The Foundations of Modern Austrian Economics
By Edwin G. Dolan
In June 1974 the Institute for Humane Studies sponsored the first of a series of conferences on Austrian economics. This conference was held at Royalton College in South Royalton, Vermont, and attracted some fifty participants from all regions of the United States and three continents abroad. The conferees came to hear Israel M. Kirzner, Ludwig M. Lachmann, and Murray N. Rothbard survey the fundamentals of modern Austrian economics and thereby challenge the Keynesian-neoclassical orthodoxy, which has dominated economic science since World War II.Each lecturer addressed himself to two general questions: What is the distinctive Austrian contribution to economic theory? And what are the important problems and new directions for Austrian economics today? By answering these questions, the papers collected in this volume become more than just a set of conference proceedings—they take on the character of a manifesto and provisional textbook as well…. [From the Preface by Edwin G. Dolan]
First Pub. Date
1976
Publisher
Kansas City: Sheed and Ward, Inc.
Pub. Date
1976
Comments
Collected essays, various authors. 1976 conference proceedings. Includes essays by Gerald P. O'Driscoll, Israel M. Kirzner, Murray N. Rothbard, Ludwig M. Lachmann, and more.
Copyright
The text of this edition is copyright ©1976, The Institute for Humane Studies.
Part 3, Essay 4
On Austrian Capital Theory
by Ludwig M. Lachmann
To most economists today the words
Austrian capital theory denote work in the line of succession of Eugen von Böhm-Bawerk. Sir John Hicks noted that the tradition originated before the last quarter of the nineteenth century and can even be traced to the Renaissance, yet described his book
Capital and Time as
A Neo-Austrian Theory inasmuch as it deals with production processes that take time to complete.

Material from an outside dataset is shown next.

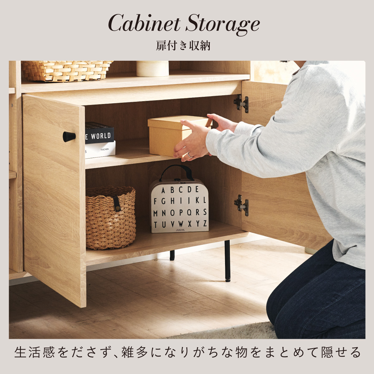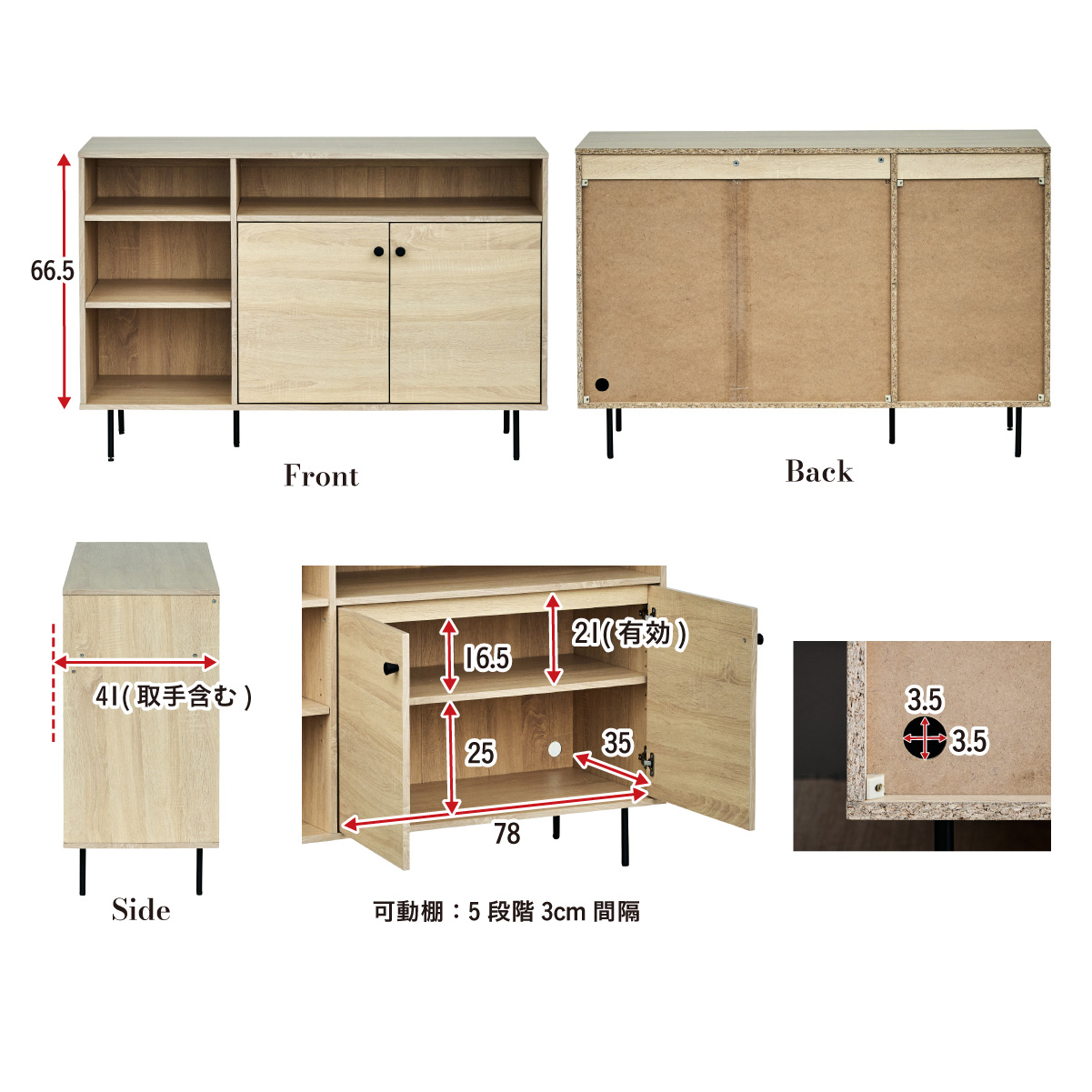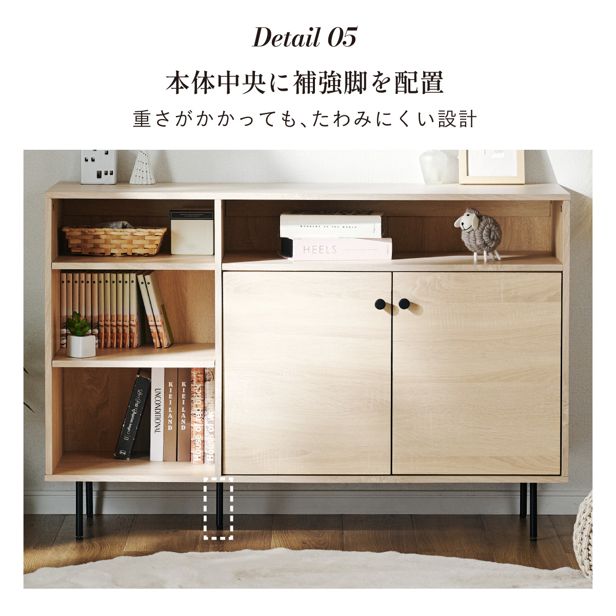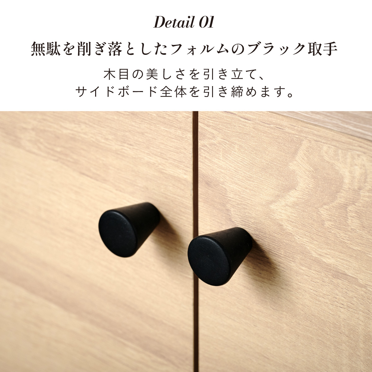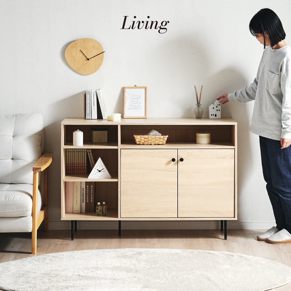 | 空間に溶け込むミニマルデザインサイドボード Tio(ティオ) 幅120cm 直線を基調としたシンプルなフォルム さまざまなインテリアに自然に調和します。 ■Function×Dedign 見せる・隠す・美しく整う収納 ・扉付き収納 ・オープン収納 ■オープン収納 お気に入りの雑貨や小物をディスプレイ感覚で収納 ■扉付き収納 生活感を出さず、雑多になりがちな物をまとめて隠せる ■Design1 ・無駄を削ぎ落としたフォルムのブラック取っ手。 木目の美しさを引き立て、サイドボード全体を引き締めます。 ・スムーズに開閉できるスライドレール。 落下防止ストッパー付きで、抜け落ちを防ぐ安心設計です。 ■Design2 直線的で無駄のない、ブラックの細身脚 床との間に空間をつくることで、サイドボード全体に圧迫感のない、すっきりとした印象を与えます。 ■Design3 ・脚はがたつきを抑えるアジャスター仕様。 床のわずかな凹凸もアジャスターで調整が可能。 ・お掃除ロボットが通れる脚高設計でお部屋のお掃除ラクラク ■広々とした天板は、ディスプレイにも作業にも最適 ディスプレイ棚としても、ちょっとした作業スペースとしても活躍する天板。 暮らしのシーンに合わせて、柔軟に使いこなせます。 下段2枚の棚部分は、可動棚となっており、3cm間隔5段階で調整が可能です。 収納物に合わせて調節が可能。 収納力を確保しながらも、通路やリビングの動線を邪魔しにくいサイズです。 圧迫感を抑え、空間をすっきり見せたい方におすすめです。 ■扉付き収納背面にはコード通し穴付き Wi-FiルーターやAV機器を収納したまま配線可能。 リビングの生活感を抑えます。 本体中央に補強脚を配置。 重さがかかっても、たわみにくい設計 ■OAK(オーク)調 明るくやさしい木目カラーが空間に自然に溶け込み、淡い色合いの中にブラック脚がアクセントとなり、ナチュラルさと上品さを両立します。 ■木目の美しさをリアルに再現した仕上げ 空間になじむナチュラルな風合いで、上品であたたかみのある印象を演出します。 ■どんな空間にもすっとなじむ 木のぬくもりとミニマルなデザインで、置く場所を選ばない収納家具 ※こちらの商品はお客様組み立てとなります。 ※組み立て方や若干の個体差によって、表記サイズと完成形のサイズに多少の誤差が生じる場合がございます。予めご了承ください。 | |

*34 How many know that Carl Menger regarded Böhm-Bawerk’s theory as “one of the greatest errors ever committed”?
*35
I wish to argue, however, that Böhm-Bawerk’s model, being essentially macroeconomic, does not provide an adequate basis for a capital theory that could properly be called Austrian. Work in constructing such a theory must start at the foundation, and this means at the level of individual action. Böhm-Bawerk never meant to be a capital theorist. He was essentially a Ricardian who asked a Ricardian question: “Why are the owners of impermanent resources able to enjoy a permanent income and what determines its magnitude?” The notion of a temporal capital structure consisting of a sequence of stages of production was a mere by-product of an inquiry into the causes and the magnitude of the rate of return on capital and not the main subject. In pursuit of this Ricardian inquiry Böhm-Bawerk battled on and failed like a Ricardian. In his model there are one factor of production, labor, and one final consumption good. Ricardo failed when trying to apply conclusions holding in a simple corn economy to a multicommodity world, in which the real wage rate
depends on the workers’ expenditure pattern and relative prices of wage goods (hence on choice!). Böhm-Bawerk’s argument foundered on the same rock.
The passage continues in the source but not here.